Description of the task: Starting at the line containing "Bev, the German" and ending at the line containing "za osobu | ||", transcribe the listing below exactly. Keep both end lines, skip the pictures, and copy nothing else.

Records for this task:
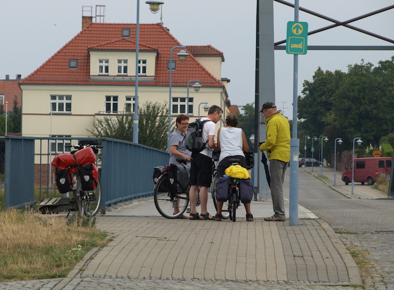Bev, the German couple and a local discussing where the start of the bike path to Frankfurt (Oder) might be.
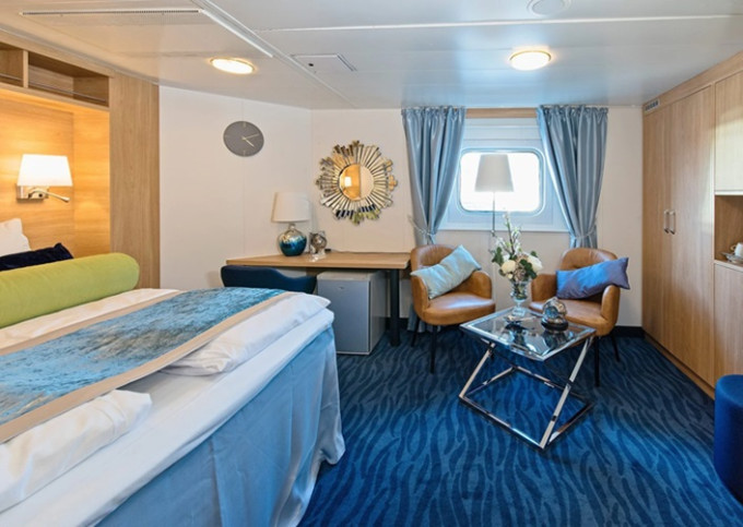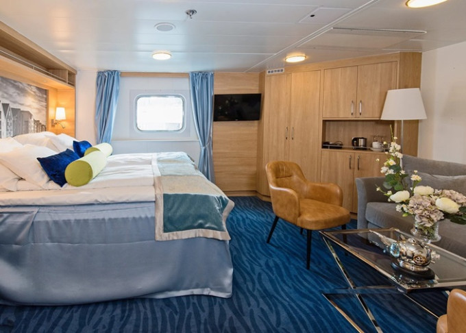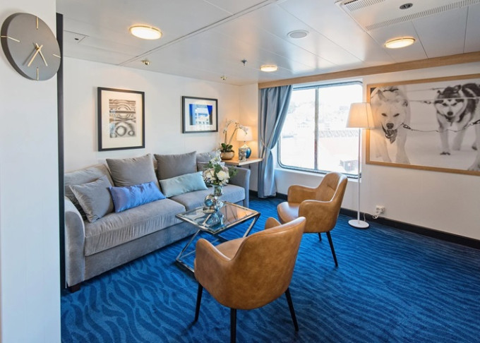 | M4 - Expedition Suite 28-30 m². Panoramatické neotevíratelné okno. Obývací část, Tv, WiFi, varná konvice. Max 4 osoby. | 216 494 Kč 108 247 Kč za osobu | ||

==

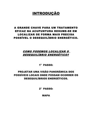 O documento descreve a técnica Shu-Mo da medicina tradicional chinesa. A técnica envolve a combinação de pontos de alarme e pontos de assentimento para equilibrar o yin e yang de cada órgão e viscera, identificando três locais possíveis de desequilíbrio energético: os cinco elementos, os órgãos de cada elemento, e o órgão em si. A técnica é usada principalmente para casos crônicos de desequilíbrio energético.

Response to the exercise:
Bev, the German couple and a local discussing where the start of the bike path to Frankfurt (Oder) might be.
 | M4 - Expedition Suite 28-30 m². Panoramatické neotevíratelné okno. Obývací část, Tv, WiFi, varná konvice. Max 4 osoby. | 216 494 Kč 108 247 Kč za osobu | ||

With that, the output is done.